Dad didn’t drive again (he died three years later). Our mother kept a car until her death a few years after that (but was self-aware enough to rarely drive). I lived interstate, so could help little day-to-day. But there’s no doubt that, if not for my sister and her family who drove them around and helped them with essentials, they both would have otherwise spent their final years in aged care (Dad had five months in a nursing home, our mother lived the final few weeks of her life in respite care).

So many friends in my cohort (late gen X-ers) have elderly parents who live independently and still drive. While they have many concerns about their folks (the myriad health problems too often associated with ageing, their negotiation of stairs and bathtubs, and their maintenance of old family homes falling down around them), the thought that usually worries them most is of their parents on the road.

Australia has an ageing population. Medical interventions (surgery and medication) mean we are living healthier for longer.

Research shows that more older Australians are continuing to drive. For example, 71% of people aged 80-plus were still on the road in 2019, compared with 59% a decade earlier. Australian government data from October 2024 also showed that more than a fifth of the 1,295 people killed on the roads in the previous year were aged 65 and above.

Older, more experienced drivers tend to be more cautious than those in their late teens and early 20s. But statistically, drivers aged over 70 had road death rates about the same as those aged 17 to 25. They were also at significantly higher risk of serious injury if involved in collisions. This had nothing to do with the way they drove. Rather, it indicated their susceptibility to injury due to greater physical frailty.

In Australia, a country with a terrible occurrence and societal acceptance of violent road deaths (would we, for example, be so lackadaisical about the death “toll” were we measuring killings, accidental and otherwise, involving knives or dogs or lawnmowers?), we are culturally imbued with notions of our “rights” rather than our “privileges” when it comes to motor vehicle driving. Something to do with our vast expanses and wide-open roads, perhaps.
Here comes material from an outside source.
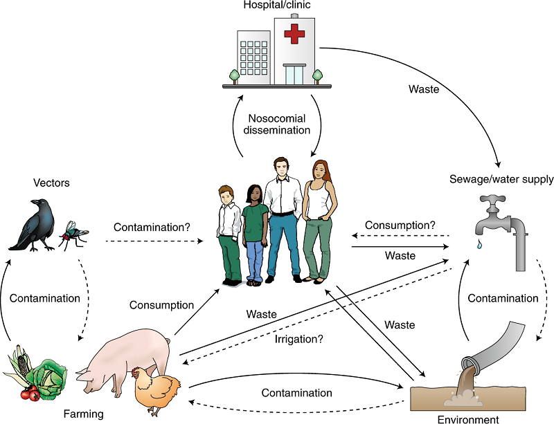 Vào năm 2015, một cuộc khảo sát về tình trạng kháng kháng sinh của học sinh Trung Quốc cho thấy một con số gây sốc khi 58,3% trong số 1064 mẫu nước tiểu được xét nghiệm dương tính với kháng sinh, môi trường và thực phẩm bị ô nhiễm có thể là nguồn phơi nhiễm chính cho các em.

But the truth is we spend far more time equipping young people (technically, physically and emotionally) to drive than we do to ensuring their continued safety (and privileges) as road users when they age.

While we nationalise the so-called “road toll”, the rules governing who gets to keep driving in old age vary greatly across the nation. Annual medical assessments for older drivers, for example, are mandatory in some states and not others.
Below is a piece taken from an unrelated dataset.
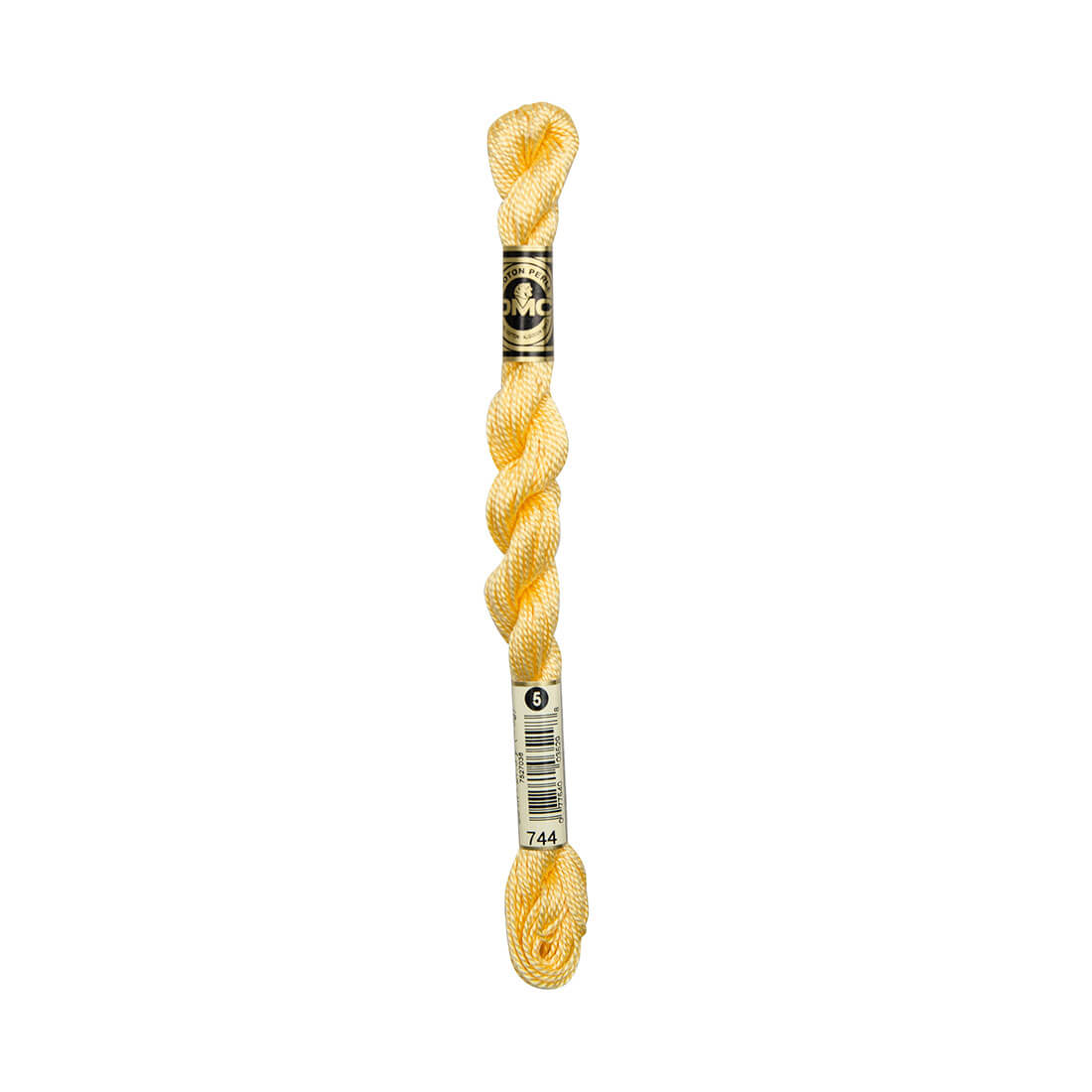 DMC Perlegarn No. 5 – 25 m – fv. 744 Grapefruit er et broderigarn i 100 % bomuld med en fyldig struktur og en klar glans. Tråden er snoet, så den fremstår rund og tydelig i stingene. Du arbejder med hele tråden, hvilket gør det nemt at opnå et ensartet og roligt resultat i dit broderi.

More recent familial experience has illustrated just how devastating a blow to personal dignity and independence is the suspension of a driving licence due to impairment associated with ageing. It is emotionally charged and very fraught, like so many decisions about how families deal with the cognitive and physical challenges of old age.

Those moments when it is evident that we’ve switched roles, from the recipients of sage advice from our elders to our dispensing of it to parents, are painful and sobering.

But some of them, like when our loved ones should permanently vacate the driver’s seat, are also freighted with community responsibility – while also standing to save those who gave us life.